## SOURCE MATERIAL
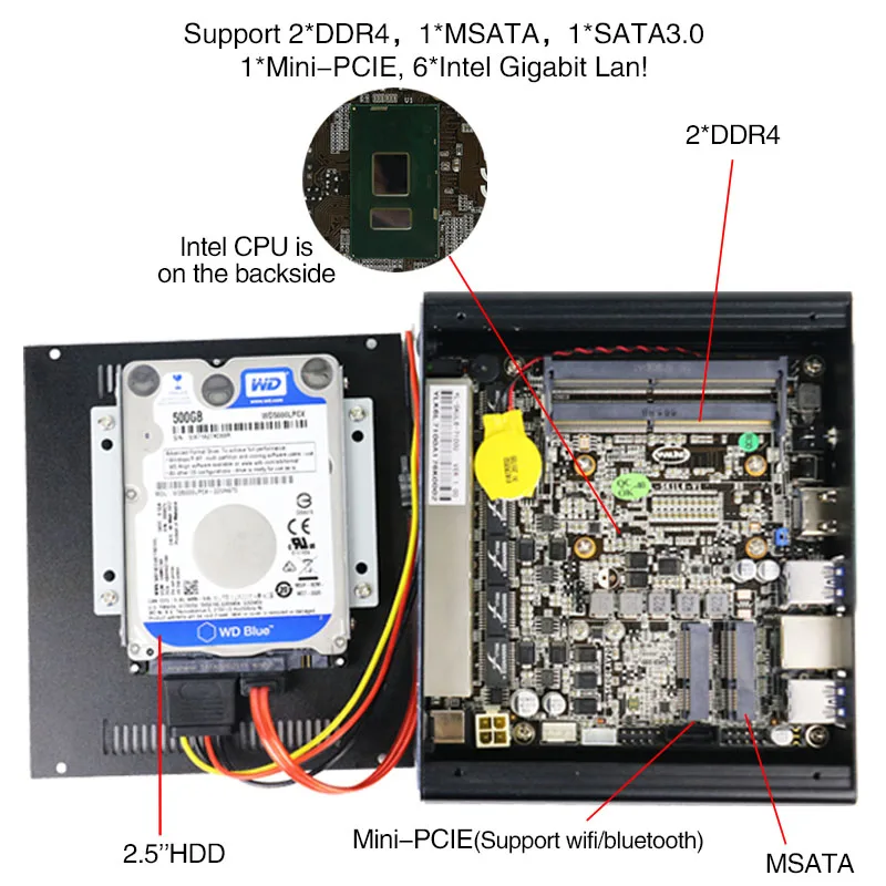 5. 1 * MSATA, 1 * SATA3.0, 1 * mini-PCIE (поддержкаWi-Fi/bluetooth);
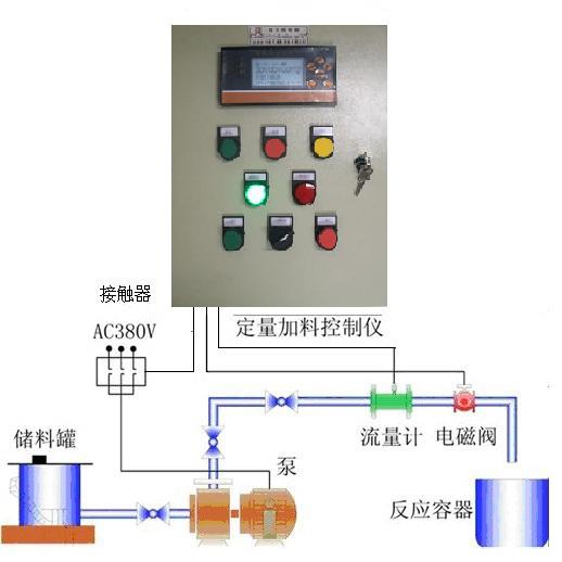 定量控制仪接收流量计的流量信号后,在其内部完成流量的累计,同时在控制仪内部设定好所需要的定量控制值,当定量控制仪显示的累计数值达到所设定的定量控制值时,定量控制仪输出开关量信号。此时利用该开关信号通过配接继电器或接触器来控制安装在管道上的断流设备,从而达到定量控制的效果。
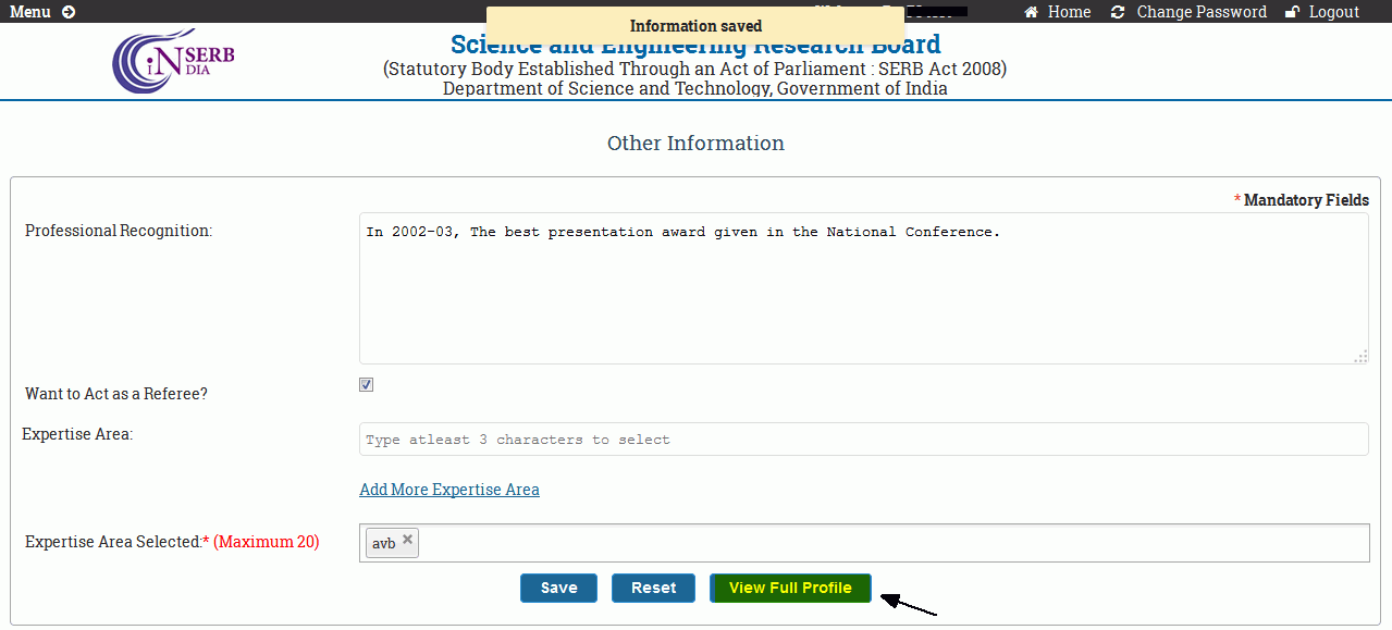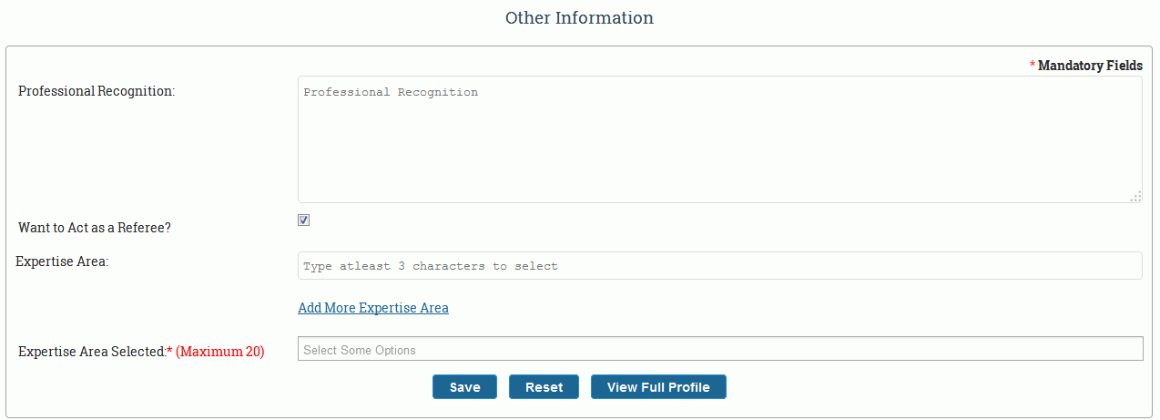 Fill in the details of your achievements in the field Professional recognition. In case, you want to act as referee click on the checkbox beside "Want to act as a Referee?",as shown in Figure 2.6.

## WHAT YOU SHOULD DO
The answer must be the listing above, restated word for word, with no images in it.

## EXERCISE RESULT
 5. 1 * MSATA, 1 * SATA3.0, 1 * mini-PCIE (поддержкаWi-Fi/bluetooth);
 定量控制仪接收流量计的流量信号后,在其内部完成流量的累计,同时在控制仪内部设定好所需要的定量控制值,当定量控制仪显示的累计数值达到所设定的定量控制值时,定量控制仪输出开关量信号。此时利用该开关信号通过配接继电器或接触器来控制安装在管道上的断流设备,从而达到定量控制的效果。
 Fill in the details of your achievements in the field Professional recognition. In case, you want to act as referee click on the checkbox beside "Want to act as a Referee?",as shown in Figure 2.6.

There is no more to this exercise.